Dataset records
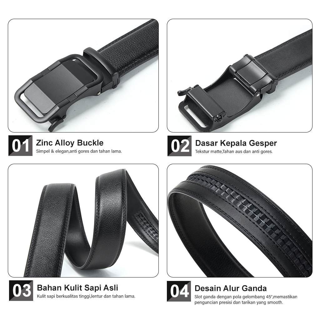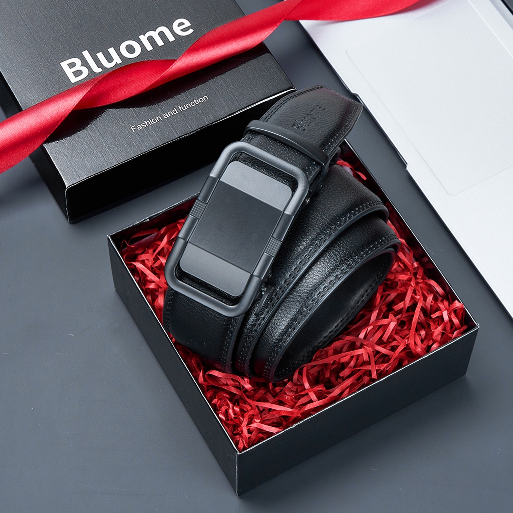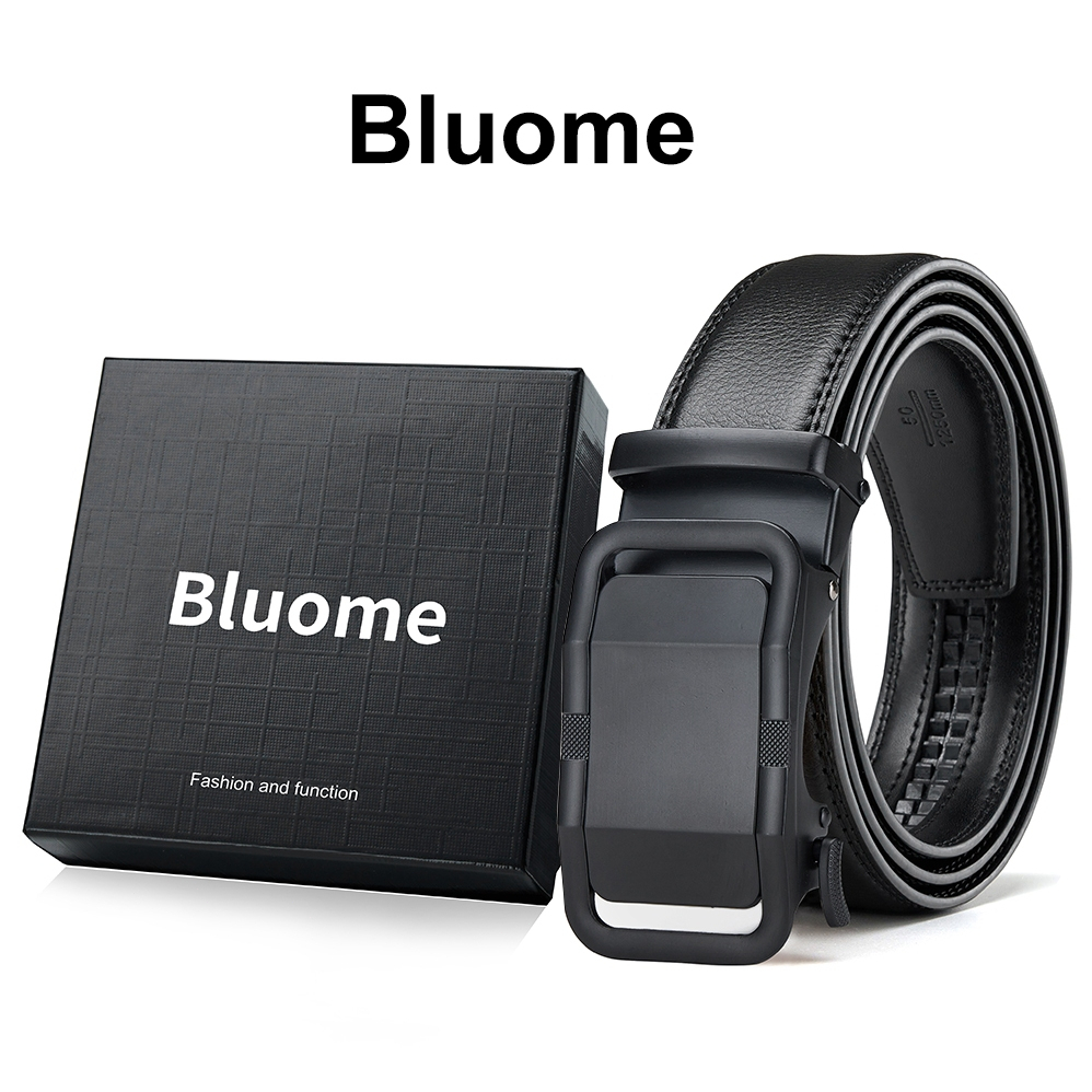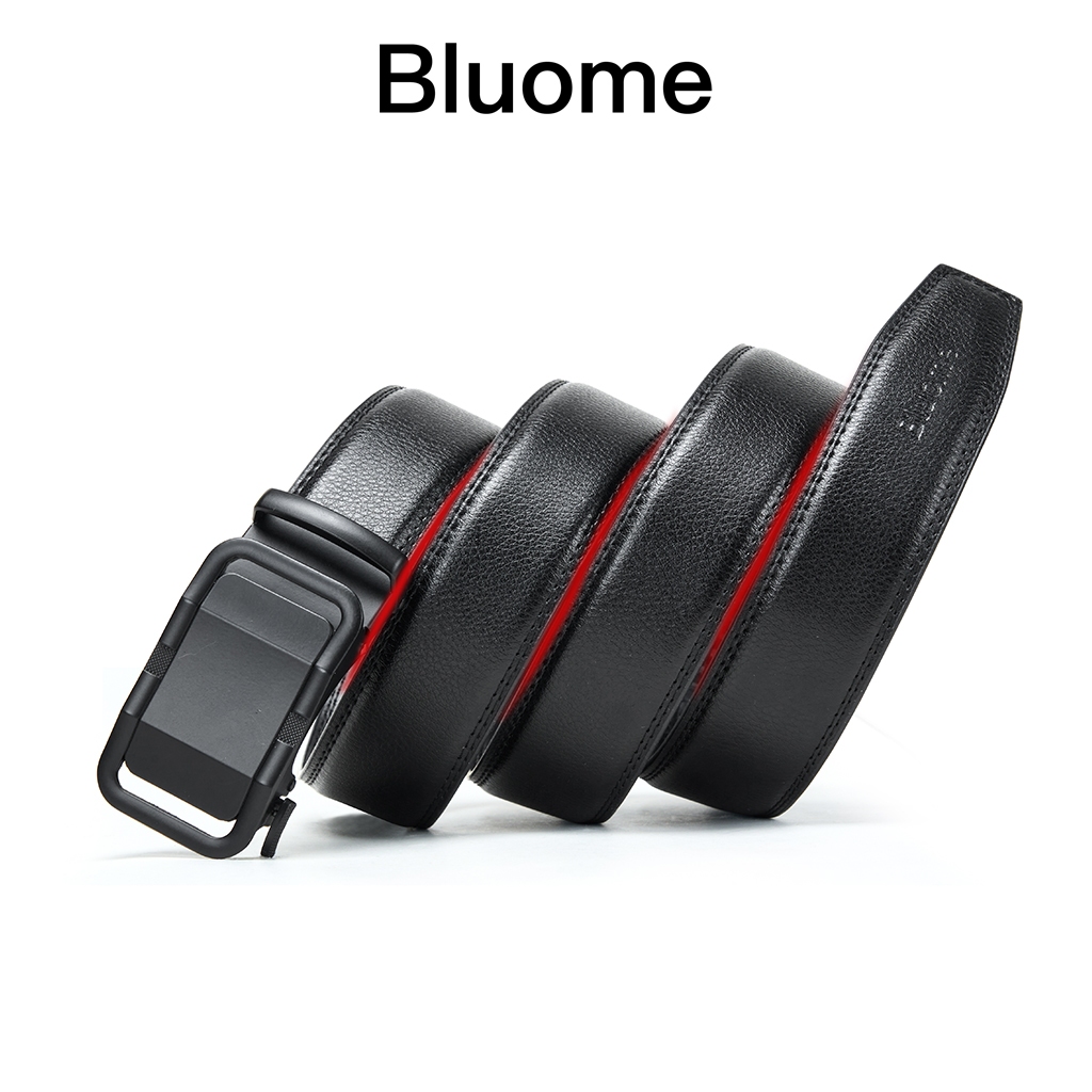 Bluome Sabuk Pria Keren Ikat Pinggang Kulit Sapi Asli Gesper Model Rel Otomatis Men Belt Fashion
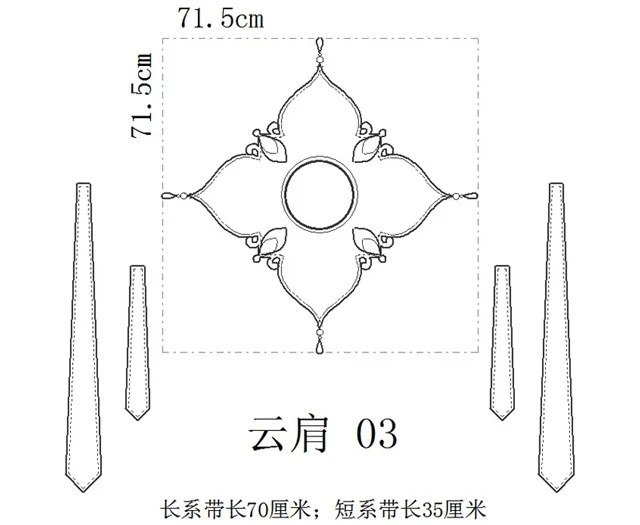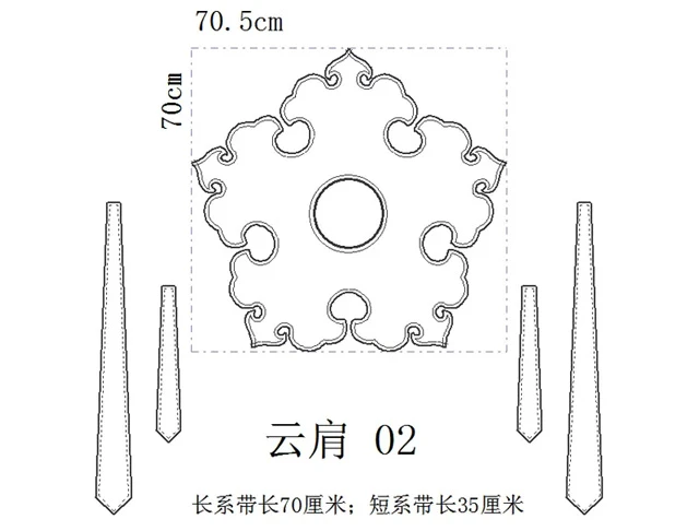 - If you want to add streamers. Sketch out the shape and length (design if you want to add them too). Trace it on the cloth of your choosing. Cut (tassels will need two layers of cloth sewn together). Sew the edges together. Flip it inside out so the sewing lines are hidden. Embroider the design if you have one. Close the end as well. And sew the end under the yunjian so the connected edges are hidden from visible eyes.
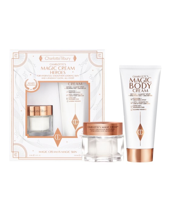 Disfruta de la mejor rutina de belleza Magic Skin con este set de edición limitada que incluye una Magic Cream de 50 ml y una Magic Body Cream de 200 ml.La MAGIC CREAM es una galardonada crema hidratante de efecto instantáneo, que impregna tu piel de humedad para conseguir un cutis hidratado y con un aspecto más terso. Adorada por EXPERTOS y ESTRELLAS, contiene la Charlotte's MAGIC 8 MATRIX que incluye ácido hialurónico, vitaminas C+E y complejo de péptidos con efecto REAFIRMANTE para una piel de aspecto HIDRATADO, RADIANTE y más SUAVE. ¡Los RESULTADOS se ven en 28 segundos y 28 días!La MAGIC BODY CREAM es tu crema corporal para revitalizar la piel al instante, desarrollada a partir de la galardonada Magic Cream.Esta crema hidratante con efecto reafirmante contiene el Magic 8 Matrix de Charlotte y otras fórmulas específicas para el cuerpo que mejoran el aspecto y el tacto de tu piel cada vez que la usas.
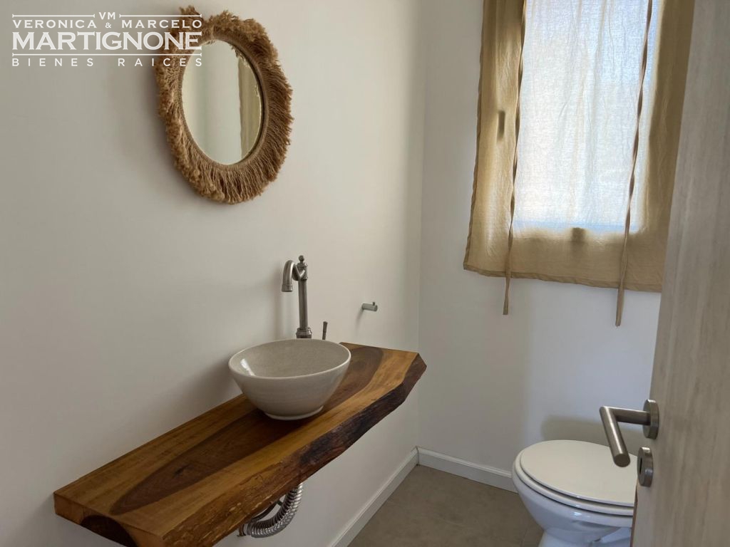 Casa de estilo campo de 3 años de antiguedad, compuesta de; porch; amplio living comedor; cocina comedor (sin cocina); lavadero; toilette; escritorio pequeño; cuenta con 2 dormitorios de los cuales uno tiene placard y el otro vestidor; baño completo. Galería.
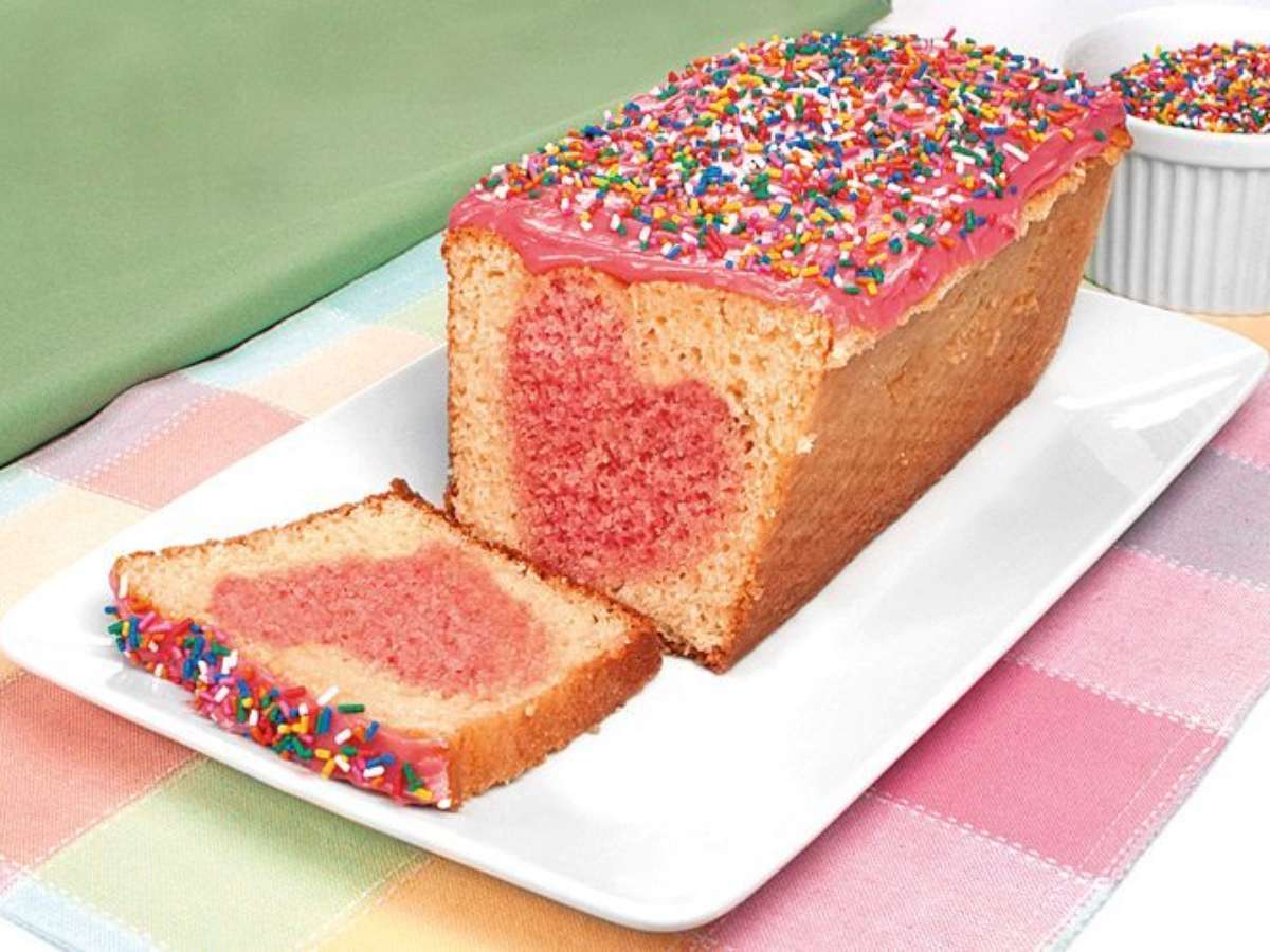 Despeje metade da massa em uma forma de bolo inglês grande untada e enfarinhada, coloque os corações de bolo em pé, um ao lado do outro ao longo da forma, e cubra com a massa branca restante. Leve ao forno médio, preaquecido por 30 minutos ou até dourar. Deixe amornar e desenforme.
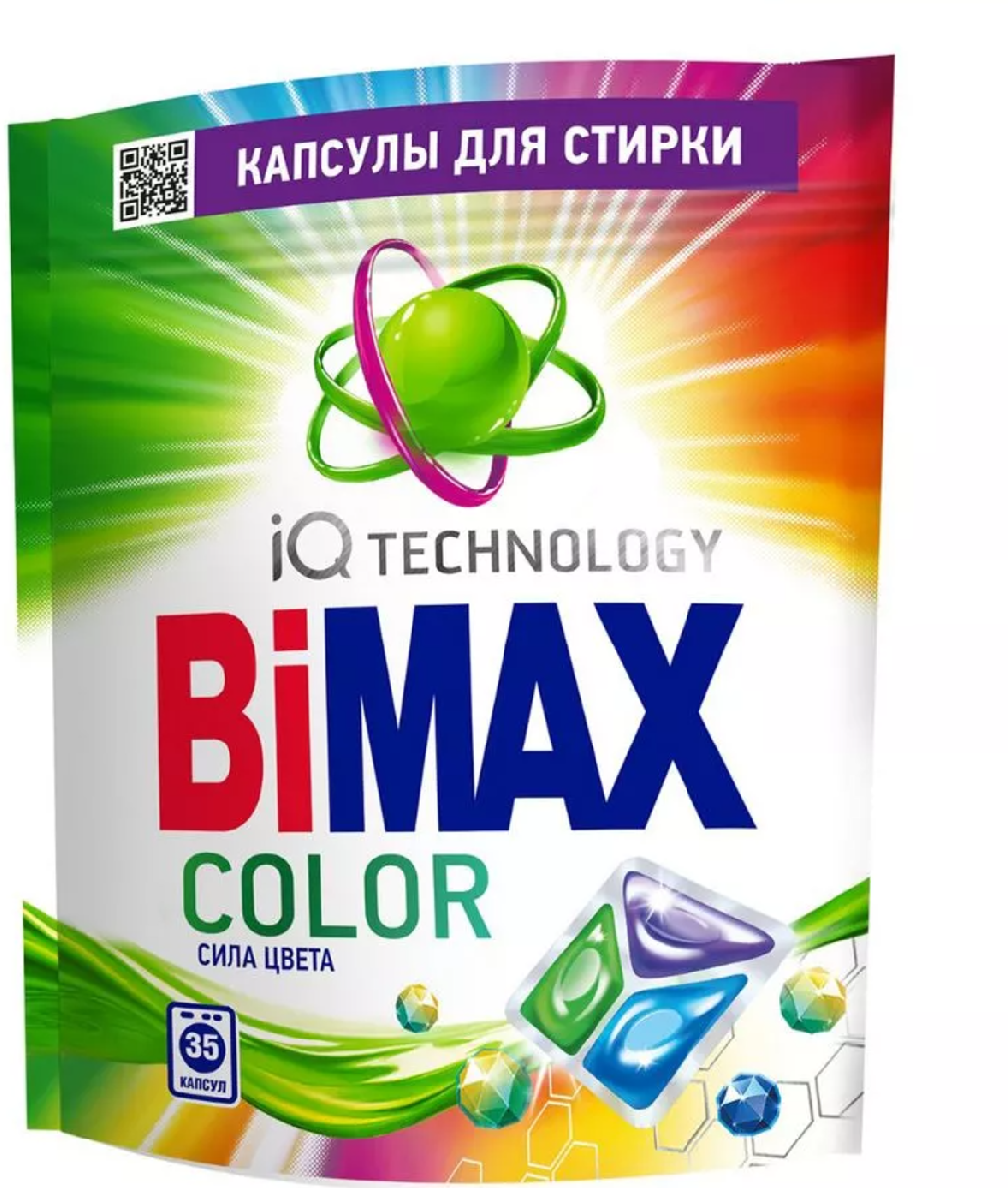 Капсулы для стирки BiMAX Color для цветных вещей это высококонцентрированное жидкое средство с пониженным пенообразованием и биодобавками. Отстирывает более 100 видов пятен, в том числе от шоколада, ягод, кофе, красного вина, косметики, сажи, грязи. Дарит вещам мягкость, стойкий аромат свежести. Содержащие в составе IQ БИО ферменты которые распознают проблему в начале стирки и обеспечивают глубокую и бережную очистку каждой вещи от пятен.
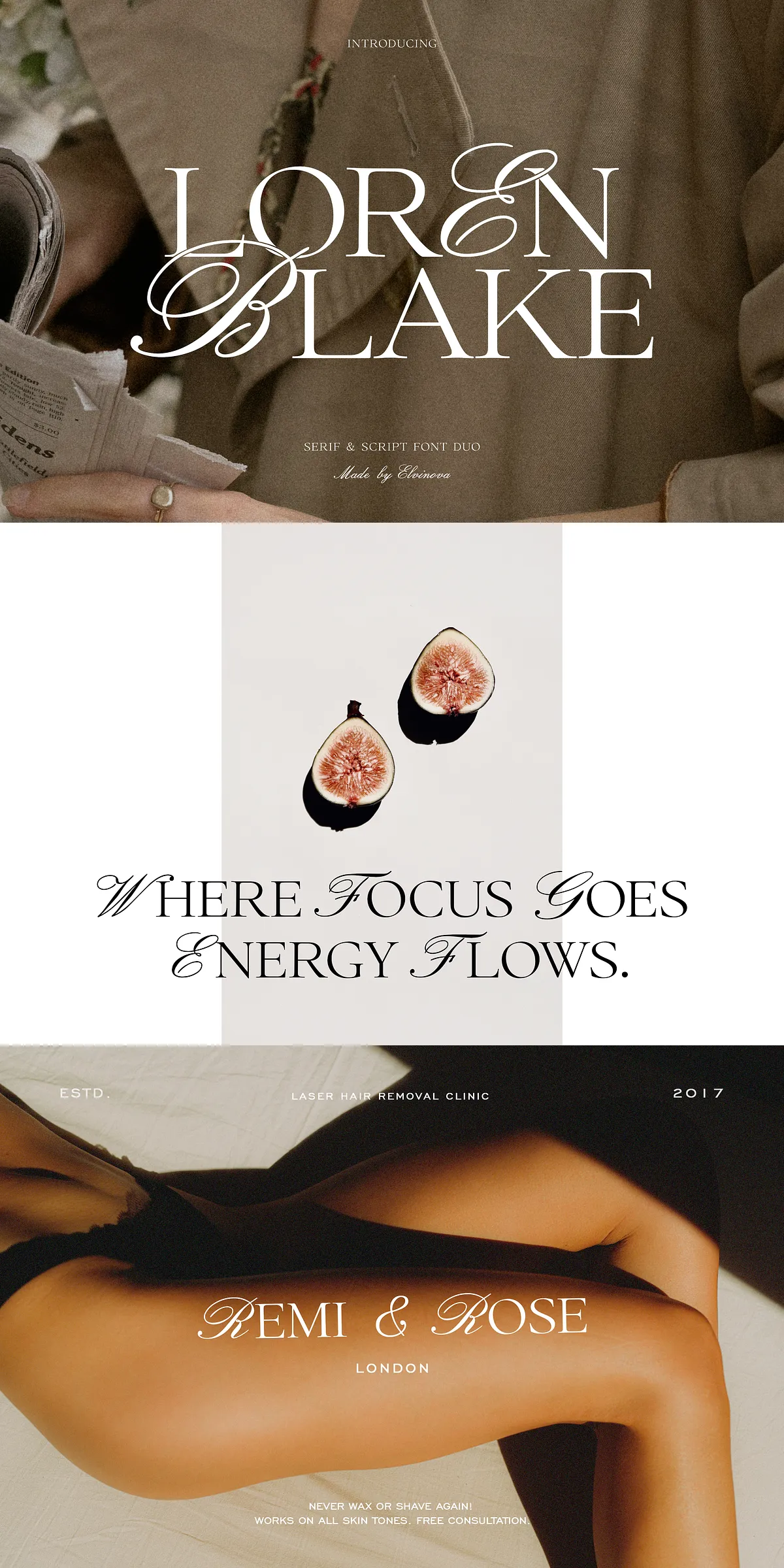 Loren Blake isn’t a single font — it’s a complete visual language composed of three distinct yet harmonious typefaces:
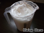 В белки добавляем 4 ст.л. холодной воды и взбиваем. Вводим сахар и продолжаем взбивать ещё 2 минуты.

Work instructions: Please repeat, with no pictures, each line from the start of the records above through the line with "- If you want", inclusive, and only those.

Exercise output:
 Bluome Sabuk Pria Keren Ikat Pinggang Kulit Sapi Asli Gesper Model Rel Otomatis Men Belt Fashion
 - If you want to add streamers. Sketch out the shape and length (design if you want to add them too). Trace it on the cloth of your choosing. Cut (tassels will need two layers of cloth sewn together). Sew the edges together. Flip it inside out so the sewing lines are hidden. Embroider the design if you have one. Close the end as well. And sew the end under the yunjian so the connected edges are hidden from visible eyes.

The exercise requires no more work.